Team Stockholm, winner of the inaugural CK Schulich Business for a Better World case competition
Team Stockholm, winner of the inaugural CK Schulich Business for a Better World case competition

It was a difficult choice, but in the end the team from Sweden took top prize. Three MBA student teams travelled to Davos, Switzerland, in late January to present how they believed Canadian energy giant Suncor Energy could become the most sustainably operated company among its sector peers.

They were there as part of the inaugural CK-Schulich Business for a Better World Case Competition. Having made it through two previous rounds, which whittled down a pack of 28 participating MBA teams, it came down to the final three – the Palumbo Donahue School of Business at Duquesne University in Pennsylvania, the Monterey Institute of International Studies at California’s Middlebury College and the Stockholm School of Economics in Sweden.

“To have got this far is a great compliment to you and the work you’ve done,” said Suncor chief executive Steve Williams before he and his fellow judges announced the winner. “Just for reassurance, I will take pieces from each of your presentations and they will be part of our plan of execution, and that is the greatest respect I can pay you.”

In addition to Williams, the judging panel included Dominic Barton, global managing director of McKinsey & Company; Robert Greenhill, managing director of the World Economic Forum; former State Street Global Advisors chief investment officer Sean Flannery, now vice-chairman of Corporate Knights; and Nicky Major, global corporate sustainability leader for Ernst & Young. Rounding out the panel was professor Dirk Matten, the Hewlett-Packard Chair in Corporate Social Responsibility at the Schulich School of Business at York University in Toronto.
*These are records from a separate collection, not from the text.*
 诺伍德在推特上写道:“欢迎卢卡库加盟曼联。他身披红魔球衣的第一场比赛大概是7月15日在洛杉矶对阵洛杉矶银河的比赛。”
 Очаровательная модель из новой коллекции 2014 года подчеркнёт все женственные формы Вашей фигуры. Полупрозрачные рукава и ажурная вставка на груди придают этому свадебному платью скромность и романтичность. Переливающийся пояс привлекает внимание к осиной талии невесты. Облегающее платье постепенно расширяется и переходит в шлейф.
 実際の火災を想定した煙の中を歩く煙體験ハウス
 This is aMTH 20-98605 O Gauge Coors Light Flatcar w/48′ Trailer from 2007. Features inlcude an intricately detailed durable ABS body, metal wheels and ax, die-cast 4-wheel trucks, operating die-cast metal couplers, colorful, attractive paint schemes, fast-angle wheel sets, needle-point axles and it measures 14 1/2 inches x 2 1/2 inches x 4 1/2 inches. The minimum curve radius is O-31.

Teams were required to assess Suncor’s global business operations, which are heavily weighted towards the oil sands, using the same 12 key performance indicators that Corporate Knights uses to determine its annual Global 100 Most Sustainable Corporations in the World ranking. They then had to identify which of the 12 were priority indicators and come up with a business plan that would turn Suncor into a top sustainability performer.

Given the location and high profile of the judging panel, all three teams entered the competition room a little nervous. When the clock started on each of their 10-minute presentations, all were impressively composed. But it was the professional touch from Team Stockholm – composed of Karin Bratt, Anja Huber, Johannes Julius Meder and Christopher Royle – that won over the judges.
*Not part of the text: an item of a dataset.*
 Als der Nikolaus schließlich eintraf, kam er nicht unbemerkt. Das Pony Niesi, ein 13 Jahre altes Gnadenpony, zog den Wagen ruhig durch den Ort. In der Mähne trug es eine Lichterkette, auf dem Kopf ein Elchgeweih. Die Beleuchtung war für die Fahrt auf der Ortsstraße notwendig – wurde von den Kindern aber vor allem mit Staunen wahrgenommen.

Team Stockholm argued that Suncor should invest more into attracting diverse talent to its executive ranks. Reducing the gap between CEO and average worker compensation was highlighted as another way to up its score in the short term. The ratio, currently at 113:1, should be brought to within 30:1 and 50:1 to stay in line with top sector players, the team said.

Also, boosting investment in innovation was cited as crucial to improving Suncor’s resource productivity score – particularly related to energy use and emissions – over the longer term. “The competition was very well organized, and we very much appreciate the valuable feedback we received in the final stage,” said the team’s Christopher Royle.

Team Duquesne received $4,000 for second place, while third place Team Monterey was rewarded with $2,000. The prize money came from Suncor, which was the competition’s case sponsor. It was a close call for all three. For example, some judges were particularly impressed with the sophisticated sensitivity analysis (using the “Ginzu” model of firm valuation) carried out by Team Monterey.

The team looked at three scenarios – from business as usual to the International Energy Agency’s New Policies Scenario – to map out at what point it would be in Suncor’s financial interests from a future cash-flow perspective to divest from the oil sands altogether in favour of more profitable alternative energy.

Their answer: sometime between 2026 and 2038.